Dates:The element of carbohydrates present in dates is sugar, which serves as an instant source of energy in the body. A handful of it (20 g) contains about 14.5 g of carbohydrates. Date is also a good source of dietary fibre, which contributes to its nutritional significance. It induces satiety and increases stool weight, allowing its easy passage. Dietary fibre, which is a component of carbs, exhibits a therapeutic effect and can help lower cholesterol levels. Moreover, it has a role to play in reducing the risk of diseases like diabetes and hypertension.
Apple:Apple is one of the foods that contain carbohydrates and has a positive glycemic response - preventing the immediate increase in blood sugar. It is suggested that the dietary fibre present in apples may be responsible for enhancing satiety. It has the added advantage of providing phytochemicals and micronutrients that help in the growth of the gut microbiota and the prevention of several chronic diseases.

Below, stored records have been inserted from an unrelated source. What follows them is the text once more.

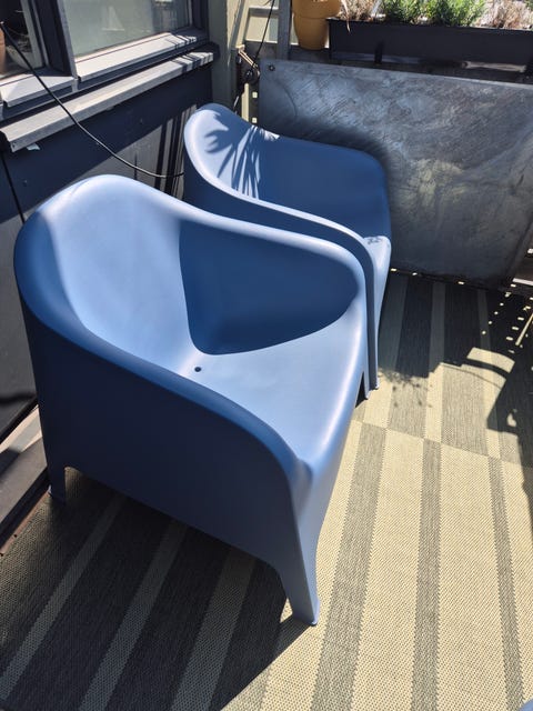 Utemøbler i plast gis bort
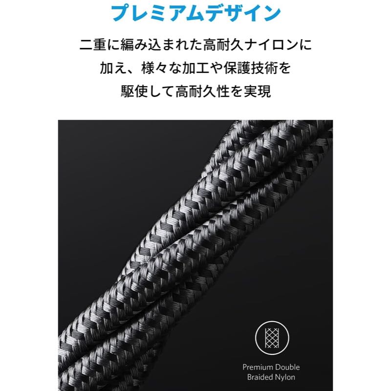 ケーブルに編み込み式の高耐久ナイロンを使用し、12,000回以上の折り曲げにも耐える優れた耐久性を実現しました。高い安全性
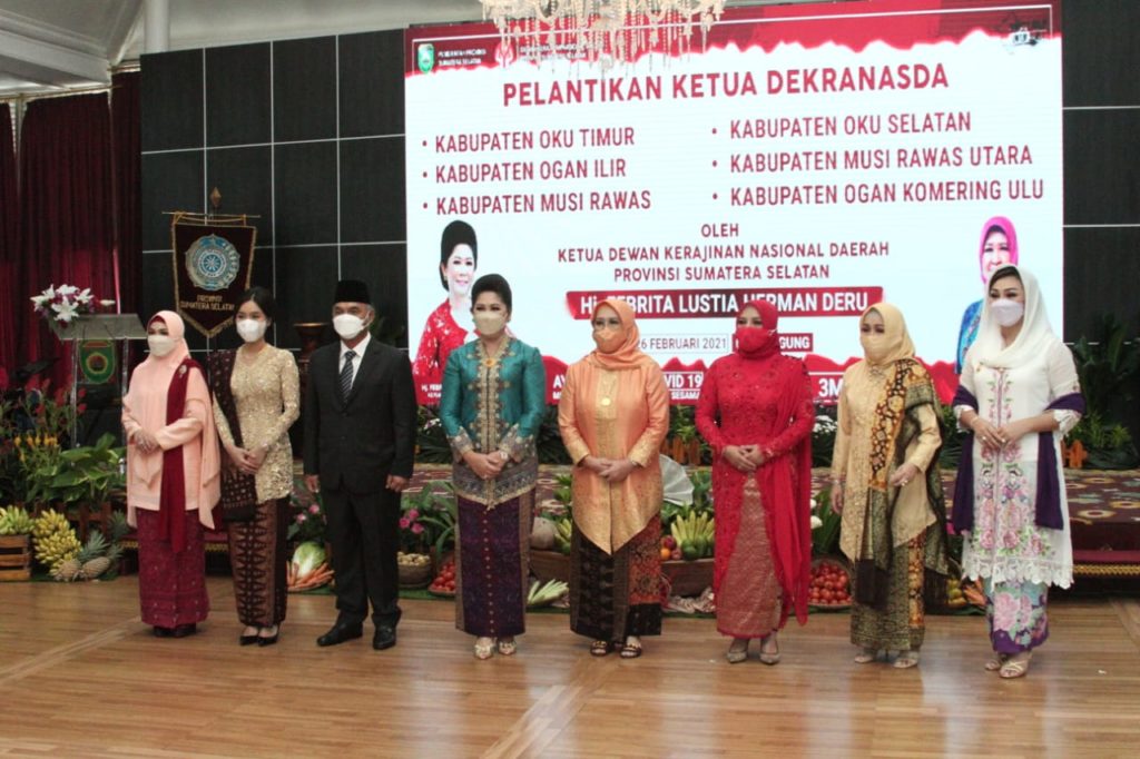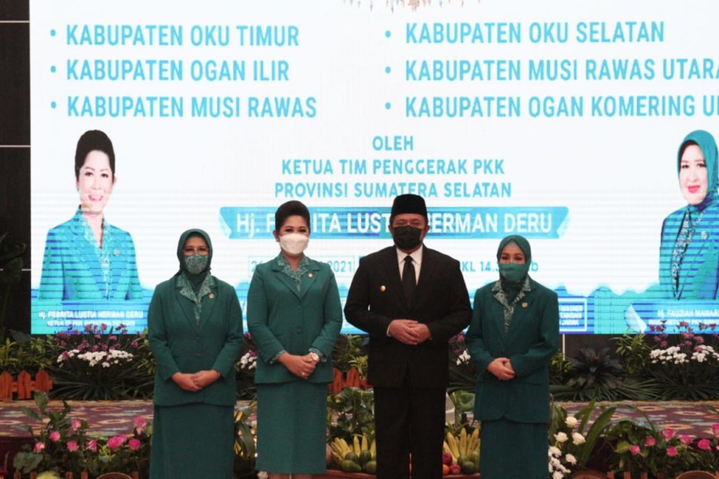 Ketua Tim Penggerak PKK Sumsel Hj. Febrita Lustia Herman Deru Melantik dan Mengukuhkan Hj. Badiar Dewi Kuryana Azis sebagai Ketua Tim Penggerak PKK Kabupaten OKU Bertempat di Griya Agung Pelembang, Jumat (26/02/2021).
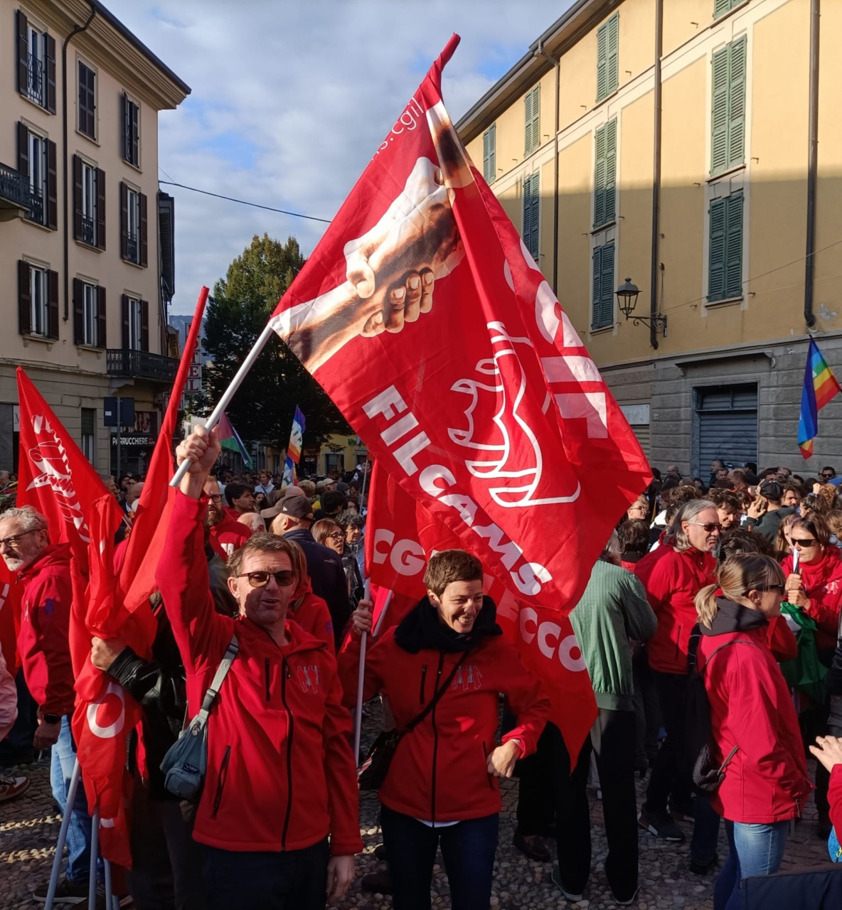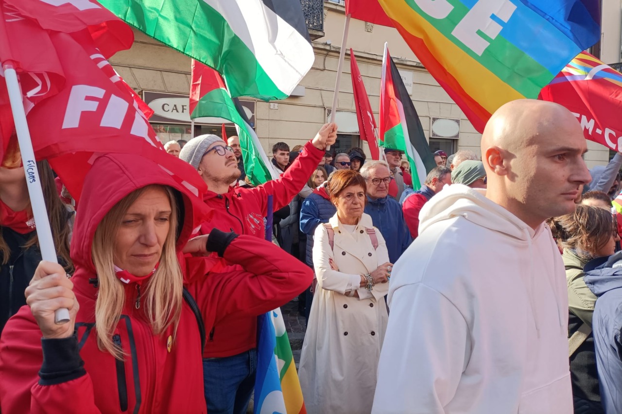 “Ci fermiamo perché davanti a un genocidio, alla violazione sistematica dei diritti umani, alla distruzione di un popolo, il lavoro non può continuare come se nulla fosse – ha proseguito il numero uno della Cgil di Lecco – Negli ultimi giorni la situazione è ulteriormente precipitata. Gaza è una città martoriata: ospedali distrutti, bambini senza acqua e cure, interi quartieri cancellati dalle mappe. È un luogo dove la vita è diventata sopravvivenza, e dove ogni giorno si consuma un crimine contro l’umanità sotto gli occhi di un mondo troppo spesso indifferente. Eppure, mentre tutto questo accade, c’è chi ha avuto il coraggio di agire. Decine di barche della Flotilla, partite da 44 Paesi diversi, hanno cercato di aprire un corridoio umanitario verso Gaza, di rompere un blocco navale illegale e disumano, portando cibo, medicine, acqua, vita. Quell’azione non violenta, coraggiosa e piena di speranza è stata fermata con la forza: navi sequestrate, persone arrestate, aiuti bloccati. È davanti a questo che oggi siamo in piazza. Lo sciopero generale proclamato dalla CGIL è la nostra risposta collettiva a questa ingiustizia. È un grido che attraversa fabbriche, scuole, uffici e piazze. Oggi, da questa piazza, vogliamo ricordare che il lavoro non è solo produzione, ma dignità, partecipazione e impegno per il bene comune. Quando milioni di lavoratrici e lavoratori si fermano, lo fanno per affermare che nessuna economia può dirsi giusta se poggia sull’oppressione di altri popoli. Lo fanno per dire che le risorse devono essere destinate alla pace, ai diritti, al welfare, alla scuola, alla sanità e alla giustizia sociale, non alla guerra, non alle armi, non alle logiche di potenza. Questo sciopero ci ricorda che il lavoro, quando è unito, può cambiare la storia. La forza di questa giornata sta nella capacità di trasformare indignazione in azione collettiva, di rendere concreta la solidarietà internazionale, di dimostrare che il movimento del lavoro è, e sarà sempre, presidio di pace, giustizia e libertà. Ma questa forza diventa ancora più grande quando, al fianco di lavoratrici e lavoratori, si muovono anche la scuola e gli studenti, le pensionate e i pensionati, le cittadine e i cittadini comuni. Ed è da questa forza comune che nasce la nostra convinzione più profonda: il lavoro senza diritti non è libertà. Come ricordava Gino Strada, ‘I diritti degli uomini devono essere di tutti gli uomini, proprio di tutti, sennò chiamateli privilegi.’ Da qui, da questa piazza, parte un messaggio forte: non ci fermeremo. Finché la comunità internazionale non assumerà pienamente le proprie responsabilità — nel far rispettare il diritto internazionale, nel difendere la dignità umana e nel costruire un futuro di pace e giustizia — continueremo a lottare. Continueremo a organizzarci e a mobilitarci, perché costruire pace e giustizia è la nostra responsabilità e il nostro compito. Grazie a tutte e a tutti voi. La storia non si cambia da spettatori: si cambia insieme, come oggi, uniti in questa piazza, con il coraggio e la forza del lavoro”.
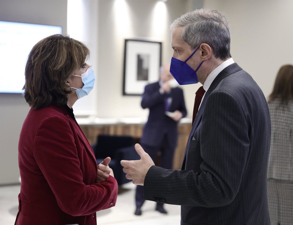 La Fiscal General del Estado, Dolores Delgado, conversa con el director de Europa Press, Javier García Vila, en un desayuno Informativo de Europa Press, en el Auditorio El Beatriz Madrid, a 20 de diciembre de 2021, en Madrid, (España). - Eduardo Parra - Europa Press
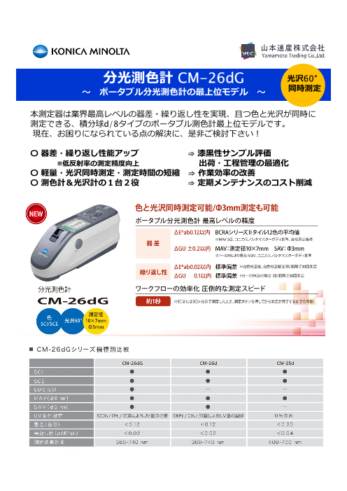 本測定器は業界最高レベルの器差・繰り返し性を実現、且つ色と光沢が同時に 測定できる、積分球d/8タイプのポータブル測色計最上位モデルです。 現在、お困りになられている点の解決に、是非ご検討下さい! ◆器差・繰り返し性能アップ ...

Orange:In the list of carbohydrate foods, orange also takes a significant place. Every 100 g provides 7.9 g of carbohydrates. Citrus fruits are also a wonderful source of Vitamin C, required for a healthy immune system. While orange can be consumed by itself, alternatives include Orange Barfi and Iced Tea if you’re looking for creative recipes.
Carbohydrates are essential nutrients and aren’t the culprits they’re often portrayed as. It’s wise to ensure you consume healthy carbohydrates as part of a balanced meal because eliminating them completely would deplete your energy reserves. Try the fruits and vegetables rich in carbohydrates mentioned above to achieve your health goals faster.